On the other hand, SF failed to detect 25 pathogens identified only by BC. Among them, 9 were not detectable because they are not included in the SF master list (11), but 16 have to be considered SF false-negative results. Among the 16 BC positive/SF negative samples, 2 S. aureus samples were from patients with septic shock and 1 sample was from a patient with pacemaker pocket infection; 1 S. bovis sample and 1 E. faecalis sample were from patients with endocarditis. One E. faecalis sample, 1 E. faecium sample, 4 E. coli samples, and 1 K. pneumoniae sample were concordant with urinary infection; 2 E. coli samples were from patients with aspiration pneumonia and 1 sample was from a patient with cholangitis; 1 S. haemolyticus sample was from a patient with endocarditis. The SF false-negative samples may be attributable to a number of factors, including microbial load below the detection threshold of the test, low sample volume, inappropriate sample preparation, or genetic variability/mutation of the target site. Seventeen out of the 19 contaminated BCs were due to CoNS, which were not detected by SF. Indeed, the presence of low concentrations of CoNS and Streptococcus spp. DNA may reflect contamination of workflow at different stages and, therefore, it is excluded as not a significant result by the SF SIS software. Overall, in our study, SF had a greater specificity and a higher positive predictive value than BC, while maintaining a similar sensitivity and negative predictive value.
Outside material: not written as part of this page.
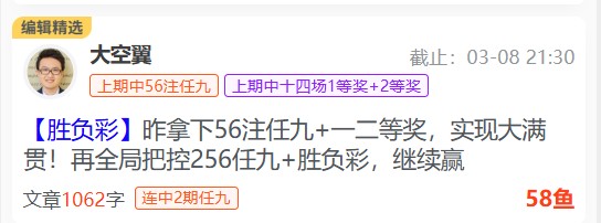 总计2026年命中5期任九+5次胜负彩二等奖+4次胜负彩一等奖。
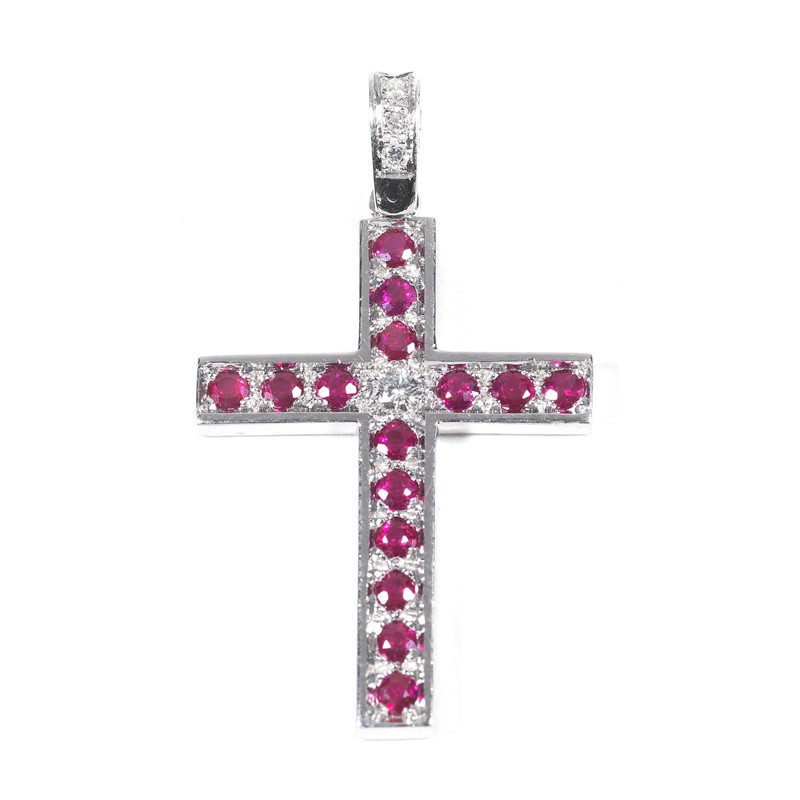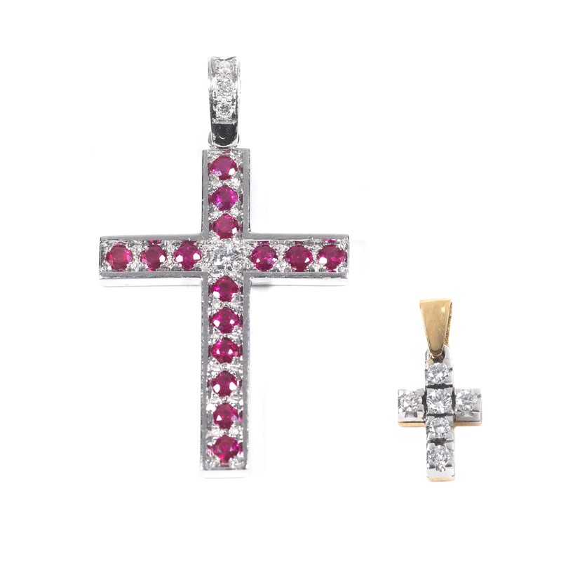 DUE PENDENTI A FORMA DI CROCE di cui uno in oro bianco 18kt, impreziosito da rubini taglio rotondo per ct 0.50 circa e diamanti taglio brillante per ct 0.10 circa, dim. cm 2x3,5, accompagnato da un secondo ciondolo in oro giallo e bianco 18kt, impreziosito da diamanti taglio brillante per ct 0.20 circa, dim. cm 1x1,5, gr. 4 complessivi circa

Another finding of the present paper deserves to be commented. The diagnostic performance of SF was significantly superior to BC in patients under antibiotic treatment. As expected (6, 17), the results of BC were affected by the antibiotic pretreatment, a very common situation in febrile patients admitted to an internal medicine ward. Indeed, in our population, 49% of the patients had been receiving antibiotics for ≥24 h before sampling. In this subgroup of patients, SF identified a significantly larger number of pathogens than BC.
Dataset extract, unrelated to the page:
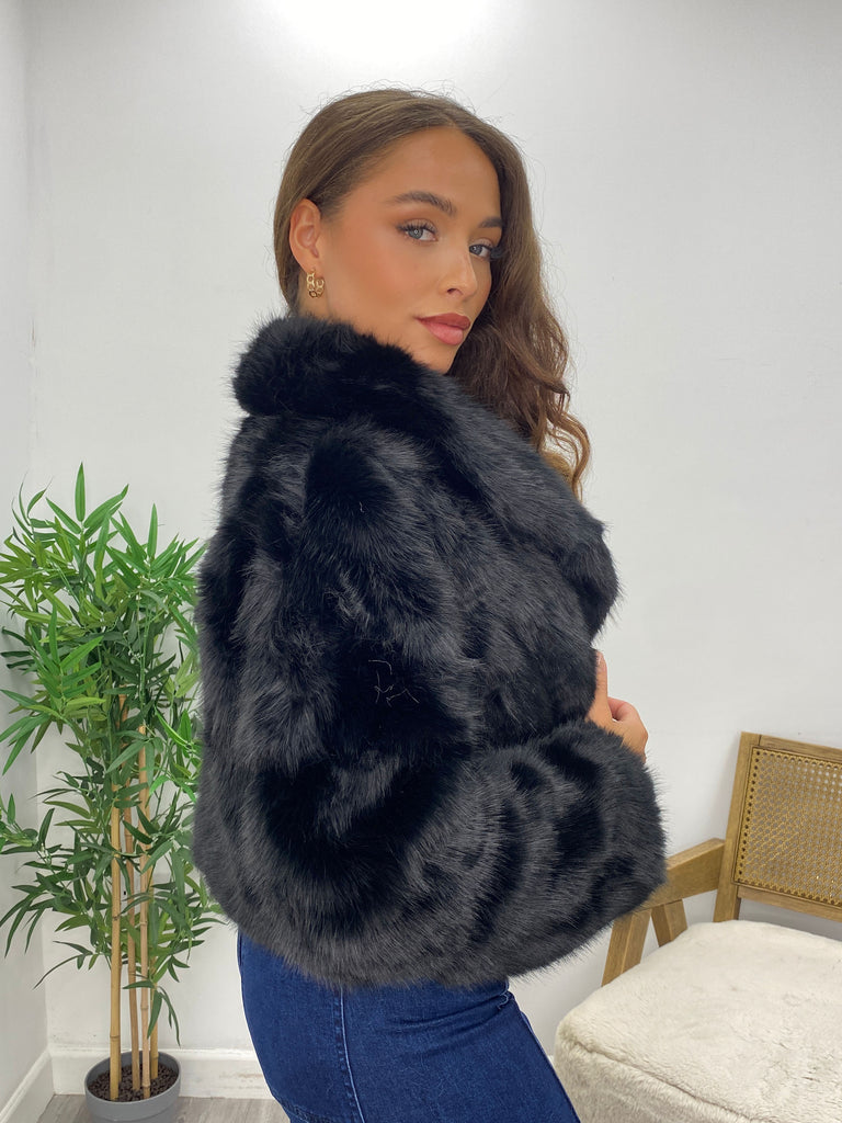 Black Faux Fur Short Lapel Jacket
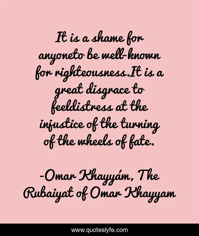 This page presents the quote "It is a shame for anyoneto be well-known for righteousness.It is a great disgrace to feeldistress at the injustice of the turning of the wheels of fate.". Author of this quote is Omar Khayyám, The Rubaiyat of Omar Khayyam. This quote is about righteousness, injustice, fate,.

It is likely that rapid detection of pathogens, also in noncritically ill patients, such as those hospitalized in an internal medicine ward, may have a favorable impact on the clinical outcome of patients with suspected sepsis. The present study was not designed to address the above hypothesis, which deserves to be tested in further prospective studies.

Blood culture remains a mainstay for the identification of microorganisms in bloodstream infections in patients with suspected sepsis and has the unique ability to identify drug susceptibility. Although suboptimal sensitivity, cost issues, limited availability, and the need for trained laboratory personnel limit the routine use of SF in unselected patients with suspected sepsis, the test could be considered in selected patients as an additional tool aimed at improving diagnostic accuracy whenever a quick etiological diagnosis is required for appropriate and timely clinical management. Our data support the utility of adding SF to the diagnostic workup of patients admitted to an internal medicine ward for suspected sepsis, especially if pretreated with antibiotics.